1. A top-loading patch cord operating system, the operating system comprising: the device comprises an insulation detection device, a controller unit, a direct current bus, a contactor unit, an alternating current charger and a high-voltage distribution box; the upper-mounted plug-in operation system is applied to an automobile crane;

the controller unit is used for correspondingly controlling the main power on-off of the contactor unit and/or the output power of the load and/or the on-off of the power supply of the high-voltage distribution box to the load according to the received ground insulation value of the direct-current bus;

the contactor unit comprises a contactor, a first controller and a wireless receiving module; the control end of the contactor is connected with the first controller;

the controller unit comprises a second controller and a wireless transmitting module; the first controller and the second controller are communicated with each other through the wireless receiving module and the wireless transmitting module;

a contactor corresponding to the brake unit of the automobile crane is controlled by the second controller to be connected with lifting equipment of the automobile crane or not;

the second controller executes a corresponding preset rule by comparing the magnitude relation between the real-time ground insulation value and a preset insulation value; wherein the content of the first and second substances,

the preset insulation value comprises a first insulation value and a second insulation value;

if the real-time ground insulation value is not less than the first insulation value, the real-time ground insulation value is normal;

if the real-time ground insulation value is smaller than the first insulation value and larger than or equal to a second insulation value, the second controller controls the instrument to display a ground insulation resistance value for alarming, the second controller also sends a power reduction operation command through the bus, and after the winch electrically drives the wiring to the second controller to send the power reduction operation command, the motor is controlled to operate in a power reduction mode;

if the real-time ground insulation value is smaller than the second insulation value, the second controller controls the instrument to display a ground insulation resistance value for alarming and triggers a lower high-voltage process;

the triggering of the low-pressure process comprises the following steps: controlling the contactors corresponding to the high-voltage battery unit to be disconnected, and then controlling the main positive contactor and the main negative contactor inside the high-voltage battery unit to be disconnected; after high-voltage direct-current disconnection of the high-voltage process is triggered, the second controller sends a contactor unit disconnection command to the wireless sending module, and the contactor unit controls the corresponding contactor to be disconnected after receiving the command through the wireless receiving module, so that the three-phase alternating-current commercial power supply is disconnected.

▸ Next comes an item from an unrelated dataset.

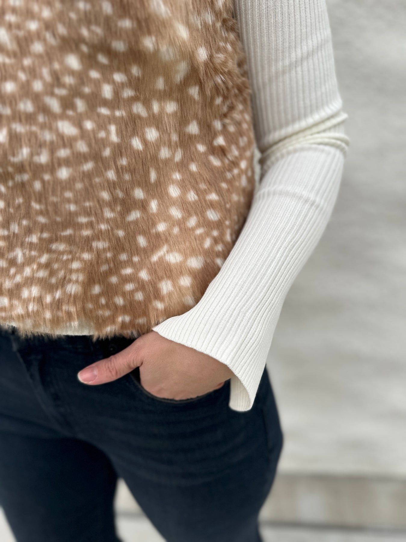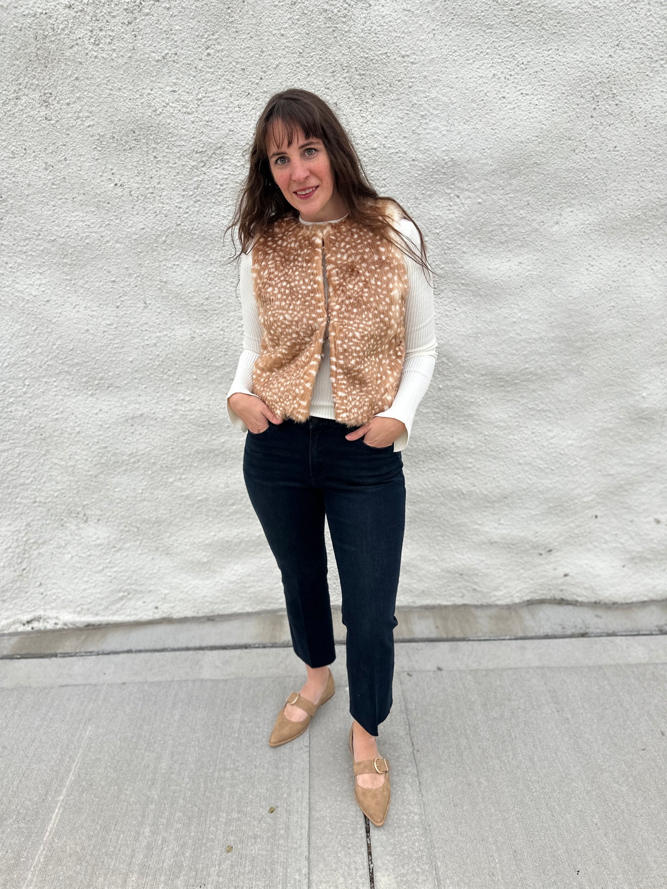 Forget boring layering—The Bambi Faux Fur Vest is here to make getting dressed fun. This plush faux fur beauty in a gorgeous deer shade plays well with everything in your closet, from your favorite sweater to that little black dress. Light enough to wear anytime, it's the secret weapon for looking effortlessly put-together without trying too hard. Your new obsession awaits.

2. The work system of claim 1, wherein said high voltage distribution box comprises a plurality of electrically controlled switches, whereby said controller unit controls the switching of the main power of said contactor unit and/or the switching of the power supplied by said high voltage distribution box to said load, respectively.

3. The work system of claim 1, the load comprising a high voltage battery unit and a hoist, wherein the controller unit is in connected communication with the high voltage battery unit and the hoist via a bus.

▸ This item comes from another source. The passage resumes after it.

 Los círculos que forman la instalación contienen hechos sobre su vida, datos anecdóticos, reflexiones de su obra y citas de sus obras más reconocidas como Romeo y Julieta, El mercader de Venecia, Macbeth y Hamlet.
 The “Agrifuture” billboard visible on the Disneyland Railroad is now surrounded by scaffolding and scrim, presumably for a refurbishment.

4. The operating system of claim 3, wherein the wireless receiving module and the wireless transmitting module are WIFI modules or ZigBee modules.

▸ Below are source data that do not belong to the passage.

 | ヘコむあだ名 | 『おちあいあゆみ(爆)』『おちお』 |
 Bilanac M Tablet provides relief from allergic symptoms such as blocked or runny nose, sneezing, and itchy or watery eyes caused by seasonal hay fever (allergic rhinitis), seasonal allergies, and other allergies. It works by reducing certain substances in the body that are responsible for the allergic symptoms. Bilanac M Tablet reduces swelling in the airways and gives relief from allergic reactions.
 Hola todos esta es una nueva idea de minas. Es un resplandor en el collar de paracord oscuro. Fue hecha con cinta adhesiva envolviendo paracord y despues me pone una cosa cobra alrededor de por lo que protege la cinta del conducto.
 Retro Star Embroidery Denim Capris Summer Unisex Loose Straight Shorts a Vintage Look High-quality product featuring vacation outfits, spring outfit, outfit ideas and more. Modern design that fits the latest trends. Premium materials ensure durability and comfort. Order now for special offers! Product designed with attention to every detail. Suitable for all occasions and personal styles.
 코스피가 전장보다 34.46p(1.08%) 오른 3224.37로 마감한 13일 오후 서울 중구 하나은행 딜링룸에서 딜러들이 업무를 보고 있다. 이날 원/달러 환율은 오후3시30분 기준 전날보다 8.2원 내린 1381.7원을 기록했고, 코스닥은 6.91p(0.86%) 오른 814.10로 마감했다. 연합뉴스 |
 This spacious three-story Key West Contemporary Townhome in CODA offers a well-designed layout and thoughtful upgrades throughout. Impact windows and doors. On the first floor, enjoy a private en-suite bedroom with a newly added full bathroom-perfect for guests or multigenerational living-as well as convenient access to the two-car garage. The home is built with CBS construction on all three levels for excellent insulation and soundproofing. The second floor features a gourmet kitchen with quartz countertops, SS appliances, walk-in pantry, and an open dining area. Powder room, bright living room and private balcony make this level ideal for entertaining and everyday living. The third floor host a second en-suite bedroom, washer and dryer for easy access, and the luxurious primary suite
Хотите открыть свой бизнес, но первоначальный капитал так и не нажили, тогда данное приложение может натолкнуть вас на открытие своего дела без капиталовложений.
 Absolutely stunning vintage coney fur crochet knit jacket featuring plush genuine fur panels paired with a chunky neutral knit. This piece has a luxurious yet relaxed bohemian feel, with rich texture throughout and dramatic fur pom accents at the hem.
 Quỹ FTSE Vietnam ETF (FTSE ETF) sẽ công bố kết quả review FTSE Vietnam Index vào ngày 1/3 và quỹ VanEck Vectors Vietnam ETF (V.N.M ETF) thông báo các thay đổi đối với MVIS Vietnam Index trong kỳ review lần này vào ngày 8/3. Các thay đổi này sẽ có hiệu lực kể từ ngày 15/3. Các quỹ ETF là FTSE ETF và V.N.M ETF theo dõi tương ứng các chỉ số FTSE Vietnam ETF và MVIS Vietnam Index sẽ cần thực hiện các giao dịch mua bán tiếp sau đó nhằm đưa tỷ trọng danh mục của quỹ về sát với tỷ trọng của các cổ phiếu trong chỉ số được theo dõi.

5. A mobile crane, comprising the top-loading electrical operation system of any one of claims 1 to 4.

6. The mobile crane according to claim 5, wherein the mobile crane comprises a charging gun, and an alternating current charger of the operating system is connected with the contactor unit through the charging gun for power input.

7. The mobile crane according to claim 5, wherein the mobile crane comprises an alarm unit, and the controller unit of the operation system is further configured to control the alarm unit to alarm accordingly according to the received insulation value to ground of the DC bus.